Pricing cars using machine learning

Automotive

Roberto López
https://es.linkedin.com/in/robertolopezartelnics
August 31, 2023

A Chinese automobile company aspires to enter the US market by setting up its manufacturing unit and producing cars locally to compete with its US and European counterparts. To support this objective, the company can use machine learning to build a model that helps understand pricing in the new market. Specifically, it wants to identify the factors affecting car prices in the American market. Indeed, those factors may differ significantly from those in the Chinese market. Additionally, the company aims to determine which variables significantly predict car prices and how well those variables explain pricing trends based on various market surveys.

In this context, performance optimization can be applied to better understand the behavior of the American car market.

For this purpose, we have gathered a large dataset of different types of cars across the American market.

Accordingly, we must model car prices using the available independent variables. The company’s management will use this model to understand how prices vary with those variables. Consequently, they can adjust the design of the cars, refine the business strategy, and align decisions with specific price targets. Furthermore, the model will provide management with a clearer understanding of the pricing dynamics in this new market.

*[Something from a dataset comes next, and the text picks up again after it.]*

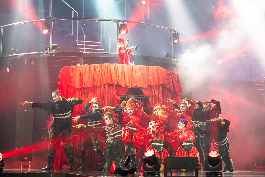 El espectáculo “Abracadabra” contó con 40 bailarines y una imponente jaula metálica de 11 pies de ancho por 8 de alto, además de un elaborado juego de luces que dio vida al montaje.
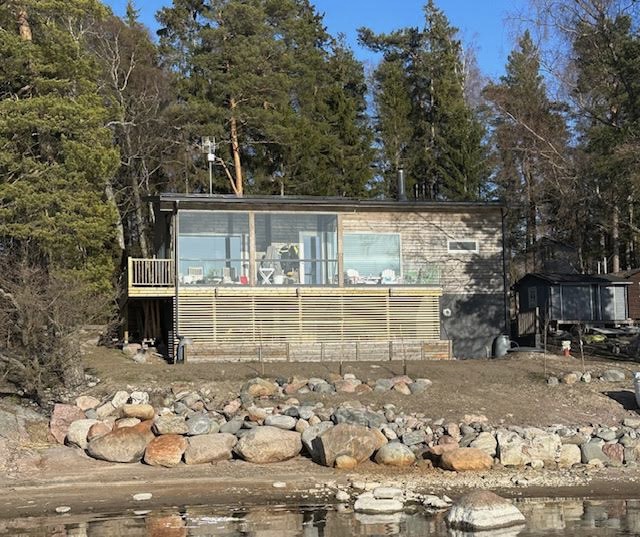 Espoon saaristossa sijaitsevalle kallioiselle saarelle on toteutettu ainutlaatuinen uudiskohde, joka tarjoaa unohtumattoman vapaa-ajanviettopaikan luonnon keskellä. Kyseessä on Mikael ja Susanna Winqvistin tänä keväänä valmistunut projekti. Tämä 80m² + 40m² kokoinen hirsirakenteinen talo on arkkitehdin suunnittelema ja talotekniikan puolelta jätevesiasiat on toteutettu yhteistyössä Vestellin kanssa.

This example is solved with Neural Designer. To follow it step by step, you can use the free trial.

1. Application type

This is an approximation project, since the variable to be predicted is continuous (car price). Therefore, the problem is addressed using regression techniques.

In this case, the fundamental goal is to model car pricing as a function of multiple features, including vehicle characteristics and different engine types. By doing so, the company can better understand how these factors influence price levels.

2. Data set

The first step is to prepare the data set, which is the source of information for the approximation problem. It is composed of:

Data source.
Variables.
Instances.

Data source

The file car_price_assignment.csv contains the data for this example. Here the number of variables (columns) is 26, and the number of instances (rows) is 205.

Variables

In that way, this problem has the 25 following variables:

car_id, unique ID of each observation.
symboling, it is an insurance risk rating; a value of +3 indicates that the auto is risky, and -3 indicates that it is probably pretty safe.
car_brand, brand of the car company.
car_name, specific model of the car.
fuel_type, car fuel type i.e., gas or diesel.
aspiration, aspiration used in a car; “std” for standard and “turbo”.
door_number, number of doors in a car.
car_body, the body of a car could be: hardtop, wagon, sedan, hatchback and convertible.
drive_wheel, type of drivewheel;”fwd” stands for front wheel drive, “4wd” stands for four wheel drive and “rwd” stands for rear wheel drive.
engine_location, rear or front location of the car engine.
wheel_base, is the distance between the front and rear wheels, in Inches.
car_length, in Inches.
car_width, in Inches.
car_height, in Inches.
curb_weight, weight of a car without occupants or baggage, in Libras.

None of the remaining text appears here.